S701: Acquire an image processing model, where the image processing model includes a segmentation network and a regression network, and the regression network includes a first branch network and a second branch network. Exemplarily, the model structure of the image processing model may be as shown in FIG. 1 .

S702: Acquire a first sample image including the target object and a target label of the first sample image, where the target label indicates a target label value associated with the target object.

S703: Perform image segmentation on the first sample image through a segmentation network to determine a first sample mask image associated with the target object.

S704: Update network parameters of the segmentation network based on the first sample mask image, and perform iterative training on the segmentation network according to the updated network parameters to obtain a target segmentation network.

In one embodiment, when the segmentation network and the regression network are independently trained, the mask label information for the first sample image is obtained, based on the first sample mask image and the mask label information of the first sample image , calculate the value of the target loss function of the segmentation network, and update the network parameters of the segmentation network with the goal of reducing the value of the target loss function.

In another embodiment, when the segmentation network and the regression network are jointly trained, the first classification activation map is input into the segmentation network, and a pyramid sampling module is obtained to perform feature extraction on the feature map of the second sample image. Three feature extraction results, the second sample image is the image input to the segmentation network after the first sample image. Obtain the segmentation network optimization function, calculate the segmentation network optimization function according to the first classification activation map and the third feature extraction result, upsample the calculation result through the upsampling module, and determine the first object associated with the target object based on the upsampling result. Two-sample mask image. Optionally, the mask label information of the second sample image is acquired, and the network parameters of the segmentation network are updated based on the second sample mask image and the mask label information of the second sample image.

S705: Invoke the first branch network to perform feature extraction on the first sample image to determine the first sample prediction value associated with the target object.

S706: Invoke the second branch network to perform feature extraction on the first sample mask image to determine a second sample prediction value associated with the target object.

S707: Determine a target sample predicted value associated with the target object based on the first sample predicted value and the second sample predicted value.

S708: Update the network parameters of the regression network according to the predicted value of the target sample and the target label value, and perform iterative training on the regression network according to the updated network parameters to obtain the target regression network.

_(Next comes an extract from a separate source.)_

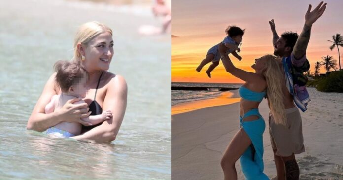 Στη συνέχεια, το ζευγάρι και ο μικρός Πάρης απολάμβαναν την παραλία, αφού αποχώρησαν από το διαμέρισμά τους για ένα δροσιστικό μπάνιο στη θάλασσα.

S709: Obtain a target image processing model through the target segmentation network and the target regression network, where the target image processing model is used to perform data analysis on the to-be-processed image including the target object to obtain a target predicted value associated with the target object.

Optionally, a target image processing model is constructed through a target segmentation network and a target regression network, and when the target prediction value associated with the target object needs to be predicted, the to-be-processed image including the target object is obtained, and the target segmentation network in the target image processing model is called. Image segmentation is performed on the image to be processed to determine the mask image associated with the target object. On the one hand, call the first branch network in the target regression network to perform feature extraction on the image to be processed, and determine the first predicted value associated with the target object based on the feature extraction result of the image to be processed; on the other hand, call the second branch The network performs feature extraction on the mask image, and determines the second predicted value associated with the target object based on the feature extraction result of the mask image, and then determines the target predicted value associated with the target object according to the first predicted value and the second predicted value. . For the specific process of the joint training, reference may be made to the above-mentioned specific description of the joint training, which will not be repeated here.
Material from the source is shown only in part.